Trials reveal things comfort often hides. Pressure exposes priorities, fears, idols, motives, and areas where faith still needs to grow.

A faith that has never been stretched often remains shallow.

Just as physical strength develops through resistance, spiritual endurance develops through testing. Without resistance there is no growth.

Throughout Scripture, God often prepares people privately before using them publicly. Joseph’s prison years prepared him for leadership. Moses’ wilderness years prepared him for ministry. David’s years of hiding prepared him for the throne.

One of the hardest realities of painful seasons is not having immediate answers. People naturally ask why a season has come, how long it will last, and what God is doing through it all.

Faith is not the absence of questions. Faith is continuing to trust God while questions remain unanswered.

Difficult Seasons Require an Eternal Perspective

Paul writes in Romans 8:18 that the sufferings of this present time are not worth comparing with the glory that will one day be revealed.

Paul understood suffering personally. He experienced persecution, imprisonment, rejection, hunger, and physical pain. Yet he viewed present suffering through the lens of eternity.

Pain has a way of narrowing perspective. Difficult seasons can convince people that things will never improve and that hope is gone.

But Revelation 21 reminds believers that a day is coming when there will be no more death, mourning, crying, or pain.

Christians grieve differently because Christians hope differently.

The resurrection changes how believers endure suffering. Because Christ rose from the grave, suffering is temporary, death is defeated, and God’s promises remain secure.

How Do We Deal With Tough Seasons Biblically?

Bring Your Pain Honestly to God

The Psalms are filled with honest prayers. David did not pretend everything was fine.

Biblical faith is not emotional denial. Scripture contains lament, grief, tears, questions, and cries for help. God is not intimidated by honest prayers.

Some believers mistakenly think spiritual maturity means never struggling emotionally, but God invites His people to come honestly before Him.

Remain Faithful in Small Daily Obedience

One of the greatest dangers during difficult seasons is spiritual drift.

People slowly stop praying, gathering with believers, reading Scripture, serving, and worshiping.

Galatians 6:9 reminds believers not to grow tired of doing good because there will be a harvest in due season if they do not give up.

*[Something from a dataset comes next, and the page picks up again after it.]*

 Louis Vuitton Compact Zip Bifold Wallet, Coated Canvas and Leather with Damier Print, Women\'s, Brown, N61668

Faithfulness during hardship often looks ordinary. It looks like opening the Bible when discouraged, praying when exhausted, worshiping while grieving, and obeying God without immediate results.

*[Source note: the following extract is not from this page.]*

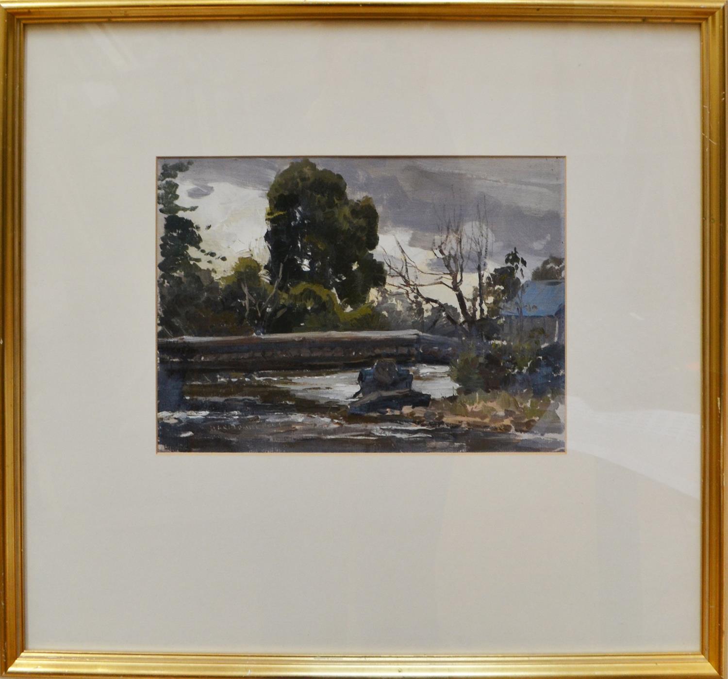 HAROLD HERBERT, THE BRIDGE, OIL ON CANVAS ON BOARD, 29 X 40CM, FRAME SIZE: 67 X 72CM, CONDITION: LIGHT AREAS OF CRACKING SEEN, PINHOLE MARKS IN THE CORNERS, SCRATCHES TO FRAME, LEONARD JOEL DELIVERY SIZE: MEDIUM

Those small acts of obedience matter deeply.

Refuse Bitterness

Pain can either soften a heart toward God or harden it against Him.

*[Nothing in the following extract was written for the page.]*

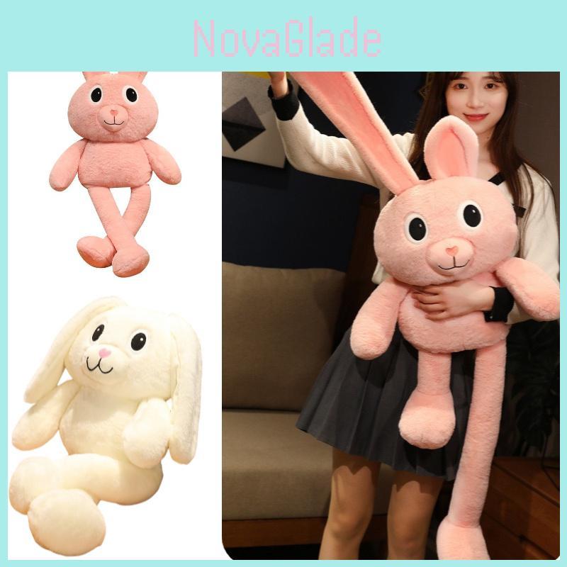 Adorable Pink And White Stuffed Bunny Toy For Girls Plush Rabbit Doll With Long Ears

Some people survive difficult seasons externally while becoming bitter internally. Bitterness poisons relationships, steals joy, distorts perspective, and isolates people spiritually and emotionally.

Lean Into the Body of Christ

Pain often makes isolation feel attractive, but isolation is dangerous.

God designed the church to help carry burdens, encourage one another, pray for one another, and strengthen one another.

Sometimes God’s grace arrives through the encouragement and presence of other believers.

Continue Trusting God Even When Feelings Fluctuate

Faith is not sustained by emotion alone.

There will be days when prayers feel weak, worship feels difficult, and emotions feel unstable. But the believer’s security rests in God’s character, not emotional consistency..

Habakkuk 3:17–18 gives one of the clearest pictures of enduring faith in Scripture. Even though the crops had failed, the fields were empty, and financial devastation surrounded him, Habakkuk still declared that he would rejoice in the God of his salvation.

Anyone can praise God when life feels stable. Worship during painful seasons reveals genuine trust in God.

Many people are walking through exhausting seasons right now. Some are carrying grief, battling fear, facing uncertainty, waiting on God, and trying to hold onto hope.

Do not believe the lie that God has abandoned you.

He is still present. He is still working. He is still faithful.

This season may be painful, but it is not pointless. And if you belong to Christ, this season will not have the final word.